Prompt: For the material below, return exactly the lines starting at the line containing "Destacó que existen" and ending at the line containing "[½Åµ¿¾Æ¹æ¼Û ÀÎõ=À±¹Î½Ä±âÀÚ] ÀÎõ", both ends included, and no others.

Records supplied:
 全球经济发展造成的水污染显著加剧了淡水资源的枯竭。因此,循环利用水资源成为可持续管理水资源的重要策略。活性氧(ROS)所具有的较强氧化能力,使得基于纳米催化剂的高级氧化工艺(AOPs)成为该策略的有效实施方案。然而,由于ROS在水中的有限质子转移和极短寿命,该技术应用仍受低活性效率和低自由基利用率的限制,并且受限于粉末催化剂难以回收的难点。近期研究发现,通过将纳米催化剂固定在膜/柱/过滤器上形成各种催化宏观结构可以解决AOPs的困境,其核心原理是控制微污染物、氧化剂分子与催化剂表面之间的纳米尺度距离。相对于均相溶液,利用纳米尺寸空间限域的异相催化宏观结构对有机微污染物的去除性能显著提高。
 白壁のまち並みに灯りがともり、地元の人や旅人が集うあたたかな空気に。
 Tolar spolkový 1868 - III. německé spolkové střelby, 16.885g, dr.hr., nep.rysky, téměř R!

--

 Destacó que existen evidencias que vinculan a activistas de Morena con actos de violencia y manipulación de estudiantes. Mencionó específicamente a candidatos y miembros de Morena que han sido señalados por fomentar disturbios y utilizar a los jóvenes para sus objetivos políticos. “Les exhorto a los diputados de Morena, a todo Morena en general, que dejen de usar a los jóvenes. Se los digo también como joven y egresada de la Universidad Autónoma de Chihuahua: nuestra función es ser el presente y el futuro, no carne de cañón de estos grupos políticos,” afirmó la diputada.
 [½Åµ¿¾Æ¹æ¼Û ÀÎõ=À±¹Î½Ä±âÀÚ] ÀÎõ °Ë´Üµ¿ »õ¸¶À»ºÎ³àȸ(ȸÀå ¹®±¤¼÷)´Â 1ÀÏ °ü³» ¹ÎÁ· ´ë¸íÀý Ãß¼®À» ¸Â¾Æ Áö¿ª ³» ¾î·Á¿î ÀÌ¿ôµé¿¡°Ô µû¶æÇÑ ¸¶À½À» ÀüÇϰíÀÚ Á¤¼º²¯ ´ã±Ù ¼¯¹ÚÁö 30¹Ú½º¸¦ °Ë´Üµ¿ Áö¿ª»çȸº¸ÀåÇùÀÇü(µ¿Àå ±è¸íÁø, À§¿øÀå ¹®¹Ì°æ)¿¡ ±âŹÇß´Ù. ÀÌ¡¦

...

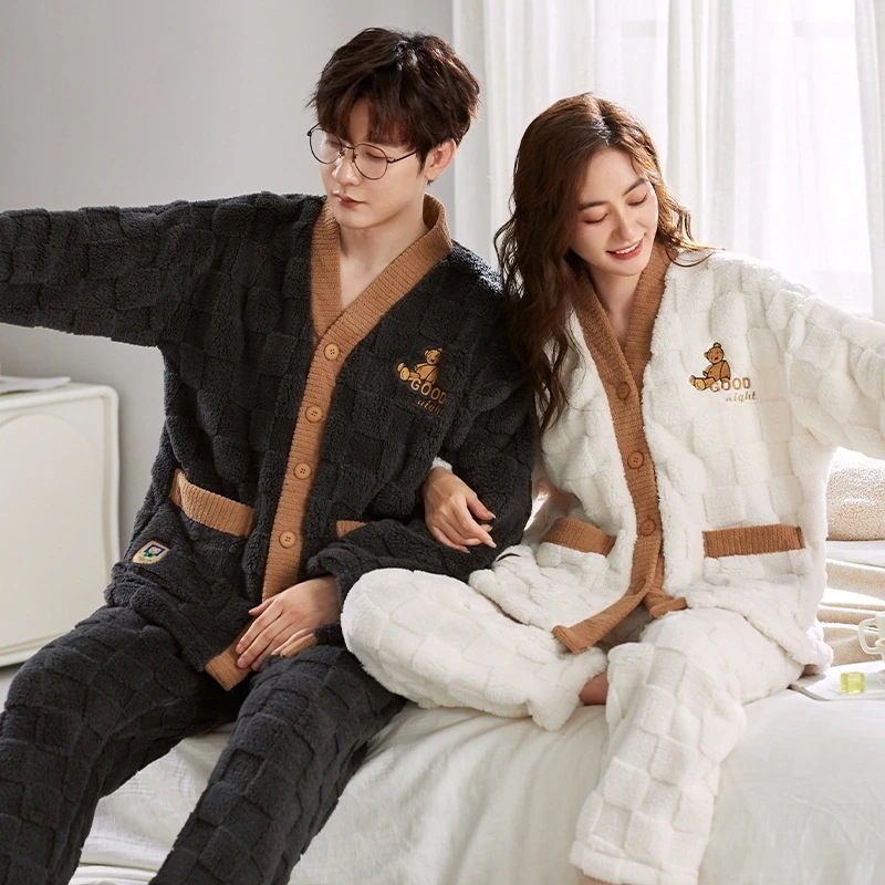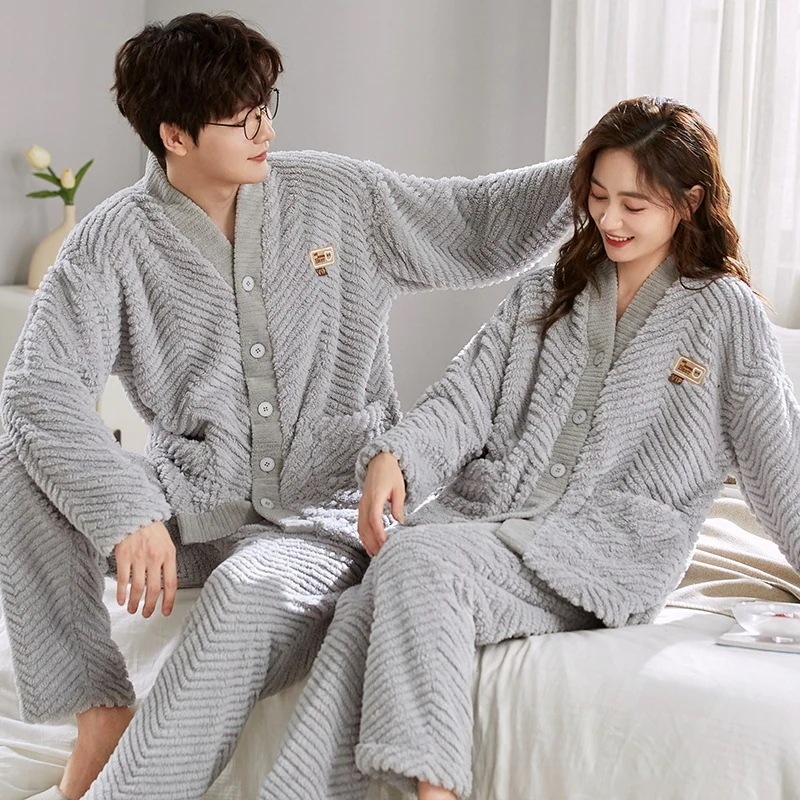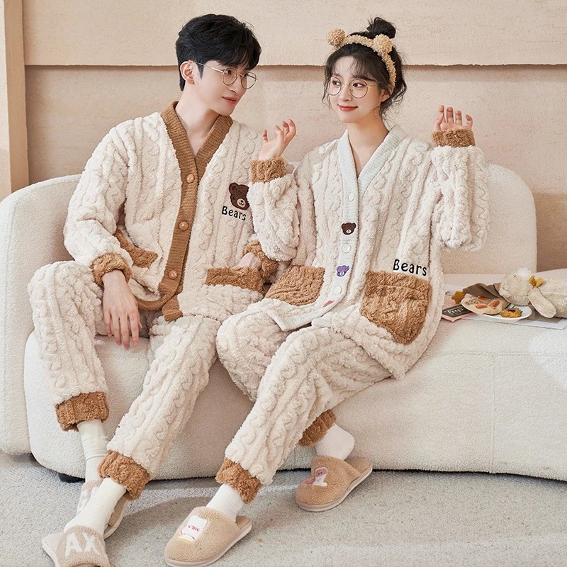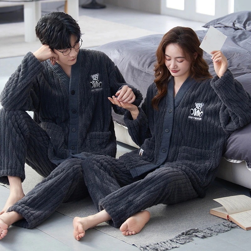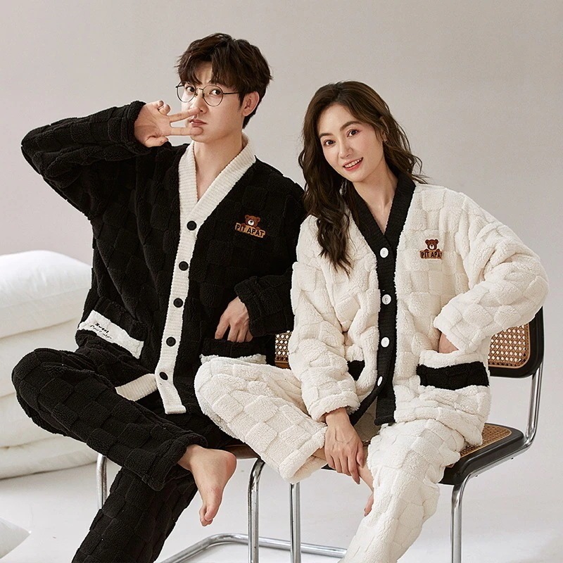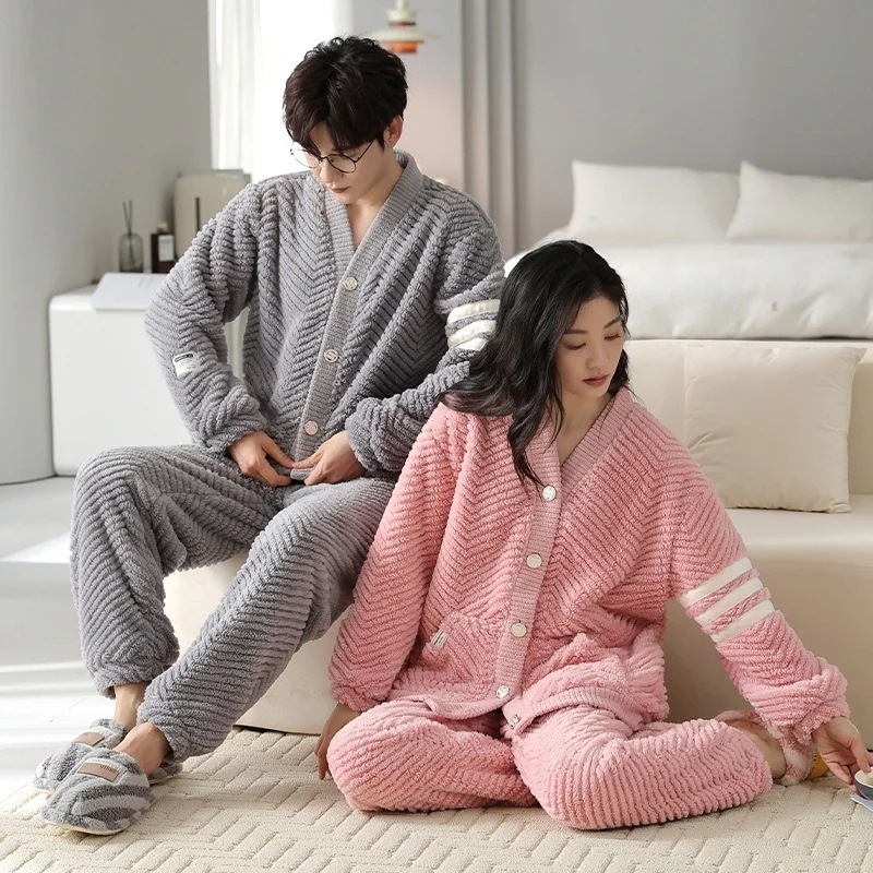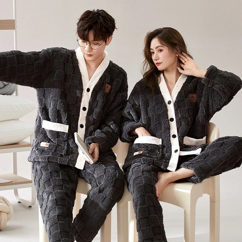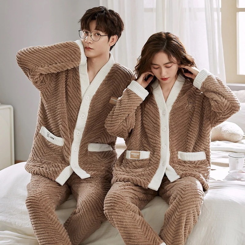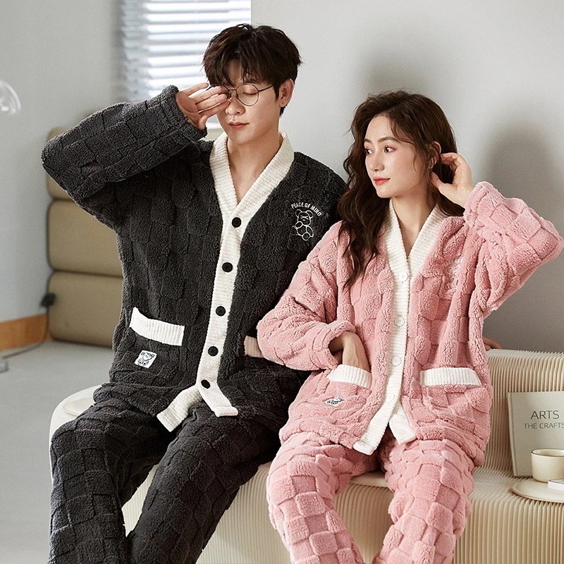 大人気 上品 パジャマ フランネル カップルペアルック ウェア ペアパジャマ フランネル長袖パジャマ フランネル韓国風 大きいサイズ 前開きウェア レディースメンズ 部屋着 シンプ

Output for this task:
 Destacó que existen evidencias que vinculan a activistas de Morena con actos de violencia y manipulación de estudiantes. Mencionó específicamente a candidatos y miembros de Morena que han sido señalados por fomentar disturbios y utilizar a los jóvenes para sus objetivos políticos. “Les exhorto a los diputados de Morena, a todo Morena en general, que dejen de usar a los jóvenes. Se los digo también como joven y egresada de la Universidad Autónoma de Chihuahua: nuestra función es ser el presente y el futuro, no carne de cañón de estos grupos políticos,” afirmó la diputada.
 [½Åµ¿¾Æ¹æ¼Û ÀÎõ=À±¹Î½Ä±âÀÚ] ÀÎõ °Ë´Üµ¿ »õ¸¶À»ºÎ³àȸ(ȸÀå ¹®±¤¼÷)´Â 1ÀÏ °ü³» ¹ÎÁ· ´ë¸íÀý Ãß¼®À» ¸Â¾Æ Áö¿ª ³» ¾î·Á¿î ÀÌ¿ôµé¿¡°Ô µû¶æÇÑ ¸¶À½À» ÀüÇϰíÀÚ Á¤¼º²¯ ´ã±Ù ¼¯¹ÚÁö 30¹Ú½º¸¦ °Ë´Üµ¿ Áö¿ª»çȸº¸ÀåÇùÀÇü(µ¿Àå ±è¸íÁø, À§¿øÀå ¹®¹Ì°æ)¿¡ ±âŹÇß´Ù. ÀÌ¡¦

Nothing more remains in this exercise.